*Problem statement*:
Go through the listing below and retype exactly the lines starting at the one with "另一方面,MA形态有可以如同" and ending at the one with "I had a feeling", skipping pictures.

Start of Exercise data

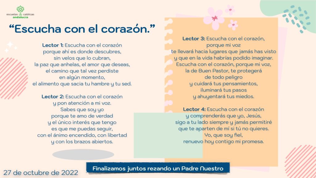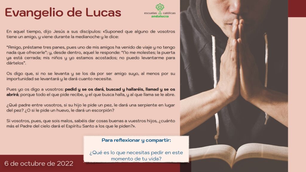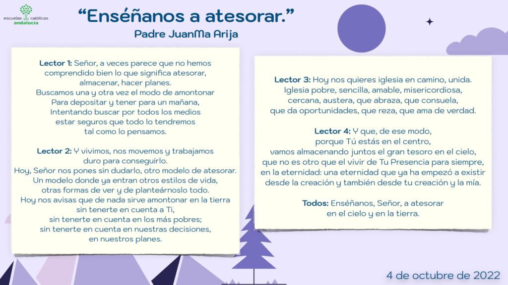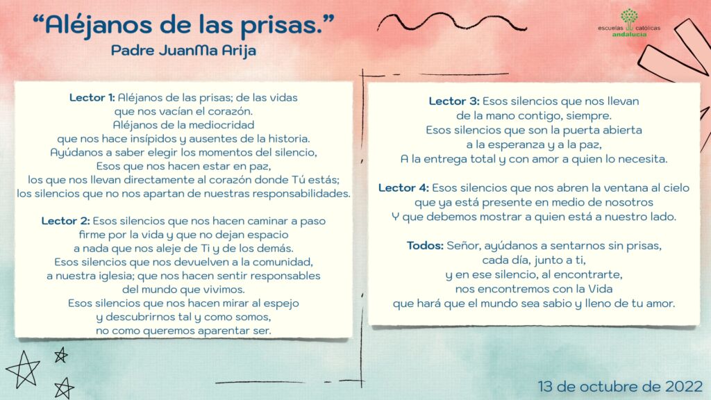Os presentamos, unas oraciones que el profesorado utiliza cada jornada para hacer reflexionar y orar al alumnado.
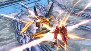 另一方面,MA形态有可以如同从敌机上方洒下飞行射出的“GN飞弹”以及喷射 “GN飞弹货柜”产生巨大的爆风给与对手大量伤害的特殊射击等等,有许多相当有个性的强力武装。两形态共通的特殊格斗是一口气进行长距离移动的特殊移动,不管是拿来一击即退或是回避都很好用。
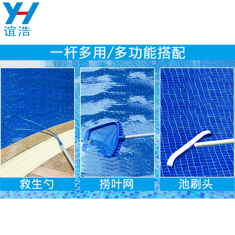 Swimming pool lifesaving pole manual sewage suction machine aluminum alloy telescopic pole leaf net pole pool brush pole 3-9 meters three-section extension
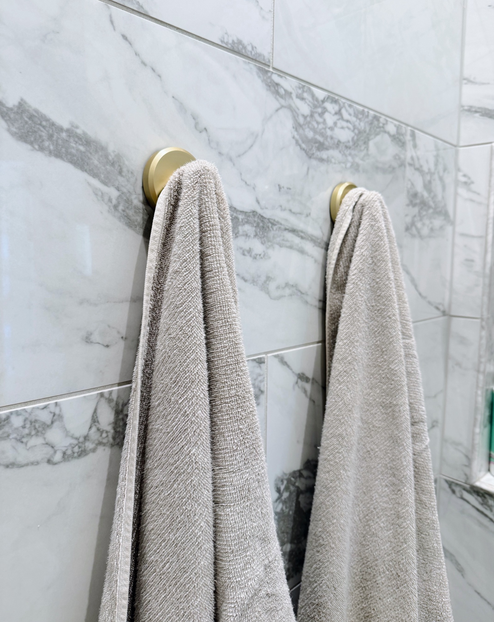 I had a feeling they would be the answer to this sweaty clothing conundrum. And after installing them in our shower last week, I’m happy to report all of Ryan’s sweaty clothing now has a place to dry in our shower before it’s ready to be washed. Oh happy day. Oh happy marriage. (And yes, I used towels on the hooks in this pic to spare you a photo of his sweaty workout clothes hanging in our shower.) A big bonus: They could not have been any easier to install and are damage-free to our shower!
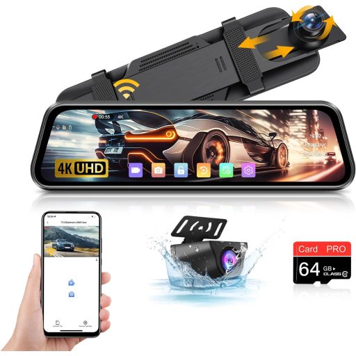 4K WiFi Tolatókamera Tükör - 10" IPS Érintőképernyős Menetrögzítő Kamera Első-Hátsó Kamerával, 64GB SD Kártyával, Parkolási Asszisztenssel,
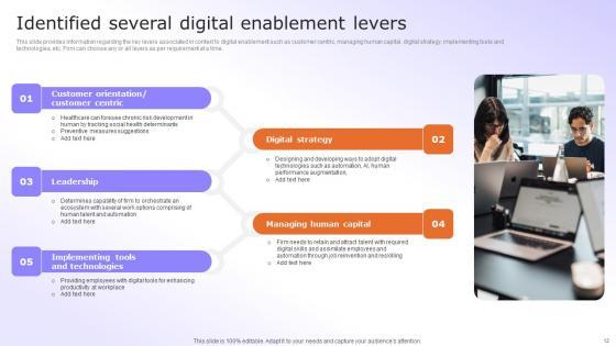 This slide provides information regarding the key levers associated in context to digital enablement such as customer centric, managing human capital, digital strategy, implementing tools and technologies, etc. Firm can choose any or all levers as per requirement at a time. Are you in need of a template that can accommodate all of your creative concepts This one is crafted professionally and can be altered to fit any style. Use it with Google Slides or PowerPoint. Include striking photographs, symbols, depictions, and other visuals. Fill, move around, or remove text boxes as desired. Test out color palettes and font mixtures. Edit and save your work, or work with colleagues. Download Digital Advancement Checklist Identified Several Digital Enablement Levers Formats Pdf and observe how to make your presentation outstanding. Give an impeccable presentation to your group and make your presentation unforgettable. This slide provides information regarding the key levers associated in context to digital enablement such as customer centric, managing human capital, digital strategy, implementing tools and technologies, etc. Firm can choose any or all levers as per requirement at a time.

End of Exercise data

*Response to this task*:
 另一方面,MA形态有可以如同从敌机上方洒下飞行射出的“GN飞弹”以及喷射 “GN飞弹货柜”产生巨大的爆风给与对手大量伤害的特殊射击等等,有许多相当有个性的强力武装。两形态共通的特殊格斗是一口气进行长距离移动的特殊移动,不管是拿来一击即退或是回避都很好用。
 Swimming pool lifesaving pole manual sewage suction machine aluminum alloy telescopic pole leaf net pole pool brush pole 3-9 meters three-section extension
 I had a feeling they would be the answer to this sweaty clothing conundrum. And after installing them in our shower last week, I’m happy to report all of Ryan’s sweaty clothing now has a place to dry in our shower before it’s ready to be washed. Oh happy day. Oh happy marriage. (And yes, I used towels on the hooks in this pic to spare you a photo of his sweaty workout clothes hanging in our shower.) A big bonus: They could not have been any easier to install and are damage-free to our shower!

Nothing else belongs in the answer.